De Fleury said, as she hoped, ‘Well, we have a day’s ride before us. We should be able to work something out.’ Then he turned and introduced Phemie to Master Gregorio, which was an excellent idea, since they should have much in common. And then, when he had presented himself to the lady Margaret, and renewed his acquaintance with the other attendants in her train, de Fleury was free to ride at her side, as the two parties blended. Dropping back, they devised between them his punishment.
She had not meant, at the outset, that it should be quite so disruptive, nor that it should gradually involve the Princess’s whole party, not excluding Margaret herself. It restricted itself to the route, since the ride along the estuary was as long as anyone should wish to make in one day. But it made use of every sporting facility they could muster between them, from bow to lance to falcon, and even to one of those long-stemmed clubs which, used from horseback, could send a ball from man to man along the flats, earning points for each target.
By dinner-time they were hot and exhausted with laughter as much as with exercise. But even during the meal, which they took in the fresh air, Out of baskets, de Fleury snatched up her viol and commanded her to perform, adding new rules and new contests, until she stopped eating, as he had, to compete, and the others clamoured to take part. Then the lawyer Gregorio, who had been sitting apart, came over and knelt beside de Fleury and spoke.
She knew what he was saying. He had been talking to Phemie. She watched de Fleury’s profile, eyes downcast, as he listened. When he finally rose and came over, she knew what he was going to say, because they all said it: her parents, her brother, her uncle.
De Fleury said, ‘They want us to stop. Have I apologised enough?’
‘No,’ she said.
‘I didn’t think so. What might we do that would convince them we’ve stopped?’
As it happened, she had already thought of something: a word-game. He had never heard of it before, but she taught it to him, and he invented a number of variants as they paced side by side at the end of the column. As they entered Edinburgh, he allowed her to win. It made her so angry that he reversed the last moves and beat her soundly. Shortly after, the two groups of travellers parted.
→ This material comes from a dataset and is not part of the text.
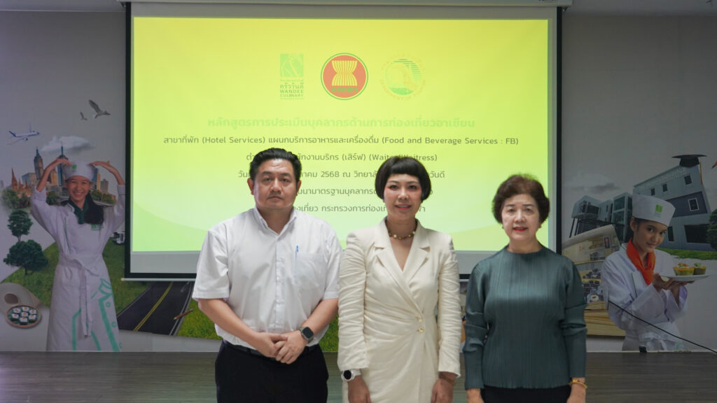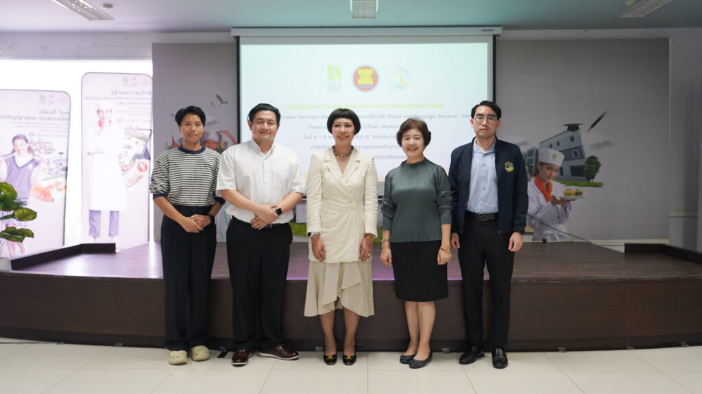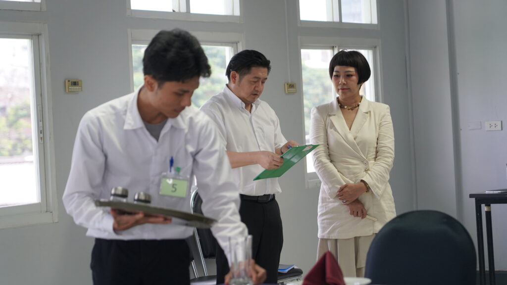 ประมวลภาพกิจกรรมหลักสูตรการประเมินบุคลากรด้านการท่องเที่ยวอาเซียน สาขาที่พัก (Hotel Services) แผนกบริการอาหารและเครื่องดื่ม (Food and Beverage Services : FB) ตำแหน่งงานพนักงานบริกร (เสิร์ฟ) (Waiter/Waitress) วันที่ 8 – 9 พฤษภาคม 2568

Last of all, he applied to her and she absolved him.
She wondered why he had wasted a day on such trivia. She
concluded that there was no one in either party whom he regarded as interesting or useful, and that he had found some kind of repose in exertion. In the lawyer Gregorio’s face she thought she recognised a trace of the same look that Phemie wore sometimes. Towards de Fleury himself she felt curiosity, and a degree of affinity, and a sensible wariness mixed with something she would not call fear.
Gregorio experienced fear. In spite of all that Julius had said, he had not been prepared for the reality: for the tall, secretive house in the Canongate which Nicholas had fitted into the enclave of ecclesiastics and merchants and from which his business was run.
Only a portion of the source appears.